Contributions to a Roth 401(k) are deducted from the employee's after-tax income, which means they are deducted from the employee's compensation after income taxes are subtracted. As a result, there is no tax deduction for the contribution in the year it is made. When money is taken during retirement, neither the employee's contribution nor the investment earnings are subject to further taxes.

 

However, not all workplaces provide the Roth account option. If the Roth is available, the employee may choose one or the other or a combination of the two, up to the annual contribution limitations for tax-deductible contributions.

 

Contributing a 401(k) Plan Contribution

 

A 401(k) is a qualified retirement plan that is defined contribution in nature. The employee and employer may contribute to the account up to the IRS-mandated monetary restrictions (IRS).

 

A defined contribution plan is an alternative to the typical pension, referred to as a defined-benefit plan by the Internal Revenue Service. With a pension, the company agrees to provide a certain amount of money to the employee for the duration of his or her retirement.

 

In recent decades, as businesses moved the burden and risk of retirement savings to their employees, 401(k) plans have become more prevalent and conventional pensions have become rare.

 

Additionally, employees are responsible for selecting particular assets for their 401(k) plans from a list offered by their company. Typically, these solutions contain a mix of stock and bond mutual funds, as well as target-date funds, which are meant to mitigate the risk of investment losses as an employee approaches retirement.

 

Additionally, they may include insurance company-issued guaranteed investment contracts (GICs) and, on occasion, the employer's own stock.

 

Contribution Restrictions

 

The maximum contribution an individual or company may make to a 401(k) plan is changed on a quarterly basis to account for inflation, which is a metric used to assess an economy's growing costs.

 

Employee contributions are limited to $19,500 per year for workers under the age of 50 in 2021, and to $20,500 per year in 2022. Individuals aged 50 and beyond, on the other hand, can pay a $6,500 catch-up contribution in 2021 and 2022.

 

If the employer contributes as well, or if the employee elects to make extra, non-deductible after-tax contributions to their standard 401(k) plan, a total employee-employer contribution sum is calculated for the year.

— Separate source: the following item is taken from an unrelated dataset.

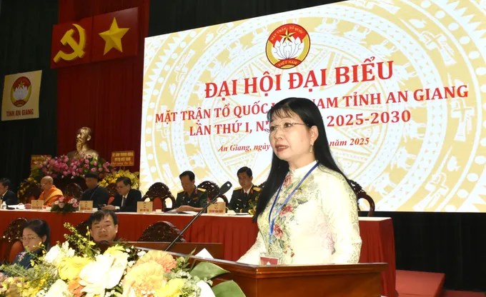 Phát biểu khai mạc đại hội, bà Trần Thị Thanh Hương nhấn mạnh, với phương châm “Đoàn kết - Dân chủ - Đổi mới - Sáng tạo - Phát triển”, đại hội là dấu mốc quan trọng, thể hiện ý chí, khát vọng và quyết tâm của khối đại đoàn kết toàn dân tộc tỉnh An Giang trong giai đoạn phát triển mới.
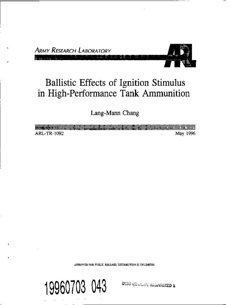 ARMY RESEARCH LABORATORYBallistic Effects of Ignition Stimulus in HighPerformance Tank Ammunition Lang Mann Chang May 1996ARLTR1092APPROVED FOR PUBLIC RELEASE; DISTRIBUTION IS UNLIMITED.19960703 043Mil!

How Do You Begin a 401(k) Plan? 

Employers are the simplest method to establish a 401(k) plan. Numerous employers offer 401(k) plans, and some match a portion of their employees' contributions. In this situation, the firm will handle your 401(k) paperwork and payments during onboarding. If you are self-employed or co-own a small business with your spouse, you may qualify for a solo 401(k) plan, sometimes referred to as an independent 401(k) (k). These retirement plans enable independent contractors and freelancers to fund their own retirement, regardless of whether they are employed by another organization. Most internet brokers allow for the creation of a solo 401(k).